WPP announces Mark Read as CEO following Sir Martin Sorrell’s departure

Advertising and PR giant WPP has announced the successor to Sir Martin Sorrell, with co-chief operating officer Mark Read set to take the CEO reins with immediate effect.

WPP’s chairman, Roberto Quarta, said the decision followed a rigorous selection process and assessment of internal and external candidates.

“That process, alongside Mark’s wise and effective stewardship of the business in the last few months, left us with no doubt that he is the right leader for this company,” said Quarta.
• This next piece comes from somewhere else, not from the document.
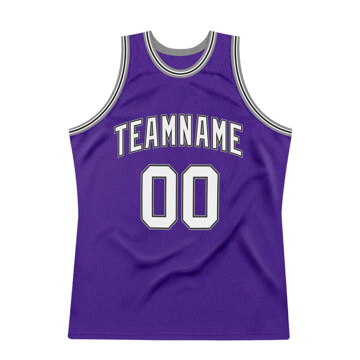 Custom Purple White-Gray Authentic Throwback Basketball Jersey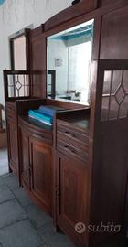 Vendo credenza antica in stile Liberty con specchiera, 4 cassetti laterali e 1 cassetto grande in centro, 2 ante laterali e una doppia anta al centro, ognuna con ripiano centrale. cm 161x41x200 h € 400 per info: 3388058501 NON SPEDISCO

Sorrell resigned from the position at WPP in April this year following an investigation into allegations of personal misconduct. Although details remain shrouded, Sorrell told an audience at Cannes that the end of this thirty-year tenure was “like being hit by a bus”.

While making no direct allusion to the former chief’s resignation, Quarta said Read was “in every way the 21st century CEO”, with an intimate understanding of the business, strong internal support and respect and endorsement of clients.

“He has played a central role in many of WPP’s most successful investments and initiatives, and he has deep experience at board and operational level,” Quarta said.

“Most recently, Mark led the transformation of Wunderman into one of the world’s top digital agencies, and he understands the importance of culture in creating successful organisations.”

Read will take the helm of the business at a critical time, as it weathers increasing pressure in the face of competition from ad tech giants Facebook, Google and Amazon, as well as pressure from investors and clients to make services more transparent and efficient.

“Our industry is going through a period of structural change, not structural decline, and if we embrace that change we can look ahead to an exciting and successful future,” commented Read on his appointment.  

“Our mission now is to release the full potential that exists within the company for the benefit of our clients, to accelerate our transformation and simplify our offering, and to position WPP for stronger growth.”

The Evening Standard noted that Read’s appointment marks the end of the WPP “megabucks era”; Read will take a salary of just less than £1m per year and an annual bonus of up to 250%. While far from scant, that amounts to a tenth of Sorrell’s peak pay packet of £70m in 2015.